Exploring the role of the unfolded state in protein folding

We analyzed the energetic and structural role of the unfolded state in the folding of gsmFKBP protein. Three mutants of gsmFKBP were generated based on information about existing residual structure of the protein in the urea-unfolded state. Mutations replaced the residue Q53 with better N-capping residue: N, T and D, in order to enhance the helix formation in the unfolded state. We proposed that mutations would change the residual structure and energy of the urea-unfolded state, which would effect kinetic and thermodynamic properties of the mutated proteins.;We found that mutations have small effect on overall protein stability. The gsmFKBP and its Q53N, Q53T and Q53D mutants follow two-state equilibrium isothermal urea-induced denaturation transition.;The kinetic data on rates of folding and unfolding suggest that two energy states are changed in mutated proteins, unfolded and transition.

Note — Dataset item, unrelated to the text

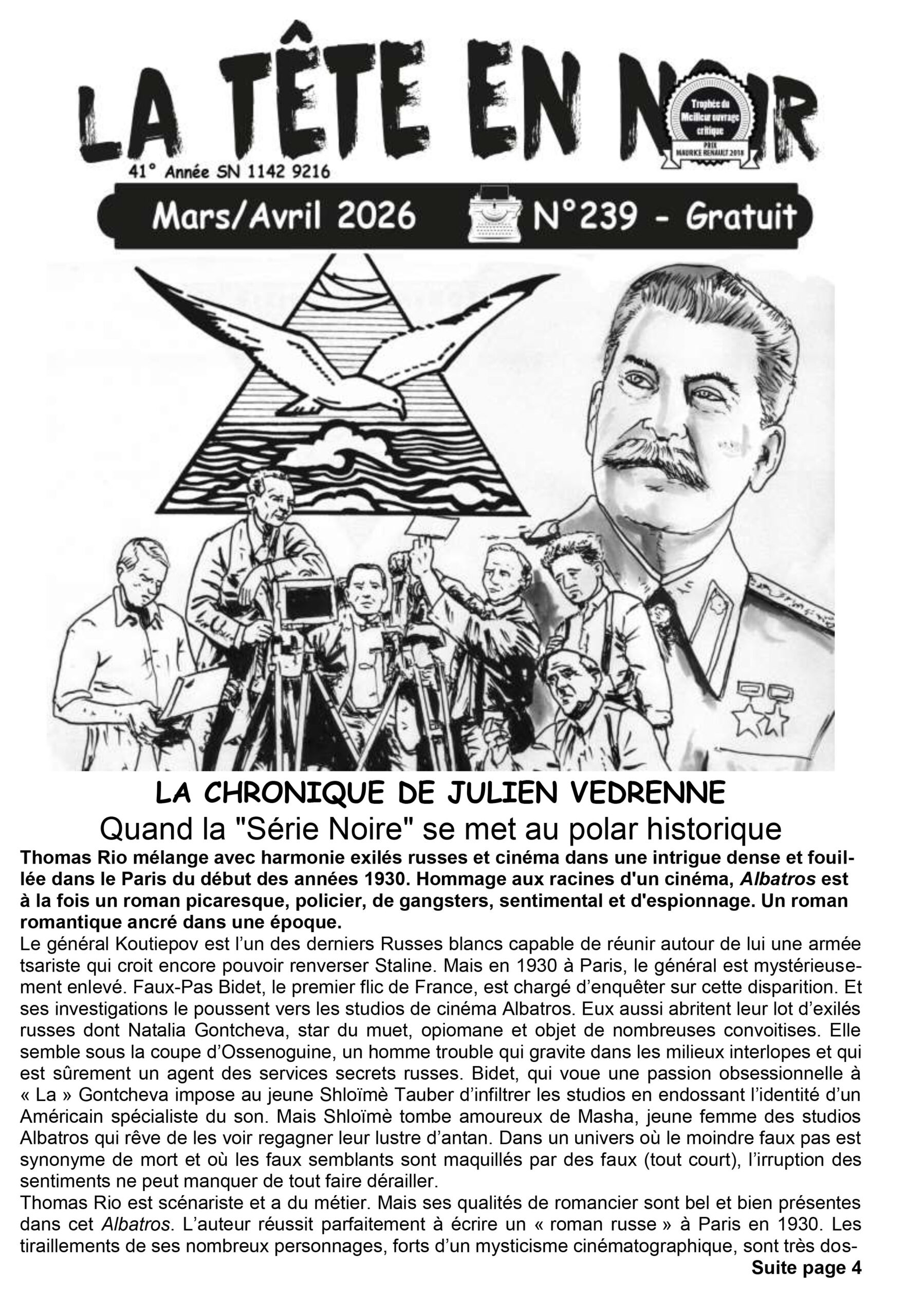 Au sommaire de ce numéro 237 : « La Chronique de Julien Védrenne » (Albatros, de Thomas Rio & La Mort malgré lui, d’Armelle Hérisson), « La Chronique de Michel Amelin » (Hantise, de Heather Graham, Au seuil de l’abîme, de Hake Talbot & Échos, de Richard Matheson), « Documentation noire et policière » (Le Roman policier, de Roger Caillois), « Entre quatre planches : la sélection de Frédéric Prilleux » (Au sud, l’agonie, de Pelaez & Labiano & Bleu de chauffe, de Chouin), « Le roman noir du mois par Jean-Paul Guéry » (La Colline, de Mathilde Beaussault), « Les Rencontres à la librairie Lhériau » (Colombe Schneck, Pierre Lemaitre, Laure Manel, Clarisse Sabard & Thimothée de Fombelle), « Le Bouquiniste a lu » (Tape-cul, de Joe R. Lansdale & Qui veut la peau de Roger Rabbit ?, de Gary K. Wolf), « Le Choix de Christophe Dupuis » (Sombres plantations, de Nilima Rao), « Aux frontières du noir », d’Alain Régnault (Cathédrale, de Tarik Noui), « Prix Mystère de la Critique 2026 », « La Page de Jean-Marc Laherrère » (Les Disparus d’As Covas, de Susana Fortes & Une espèce en voie de disparition, de Lavie Tidhar), « Dans la bibliothèque à Pépé » (Le Passager du bac, de Roger Faller), « En bref… » (Continuons le début, de Marc Villard, Le Diable, tout le temps, de Donald Ray Pollock, Mémoires sauvées du vent, de Richard Brautigan & L’Affaire Eugène Weidmann, de Cyril Gay), « Artikel Unbekannt dissèque pour vous » (Respiration de la haine, de Kââ), « Y’a pas que le polar dans la vie » (Vie d’O.-G. Gaillard, de Christophe Ségas, Comédie française, de Charlie Jegonday, Ceux qui ne sont rien, de Patricia Melo & La Classe et la fonction, de Mariana Alves), « Les (Re)découvertes de Gérard Bourgerie » (Jours de crimes, de Pascal Robert-Diard & Stéphane Durant-Soufflant).

We found that gsmFKBP and Q53N protein fold via kinetic intermediate, whereas Q53T and Q53D proteins do not have any folding intermediate states. Mutations to T or D abolished the intermediate formation and altered protein folding pathway. Mutations in position Q53 of gsmFKBP resulted in large, nonclassical phi-values, which indicate that this residue serves as a "gatekeeper" defining the protein folding pathway.;We showed by NMR that the native structures of gsmFKBP and its mutants are very similar. However, measurable differences in nonrandom secondary structure of gsmFKBP and its mutants were identified in the urea-unfolded state. Observed differences in NOES patterns suggest that each mutant has enhanced helix formation in urea-unfolded state compared to gsmFKBP.;Our results provide first experimental evidence that nonrandom secondary structure in the unfolded state can change a protein folding pathway.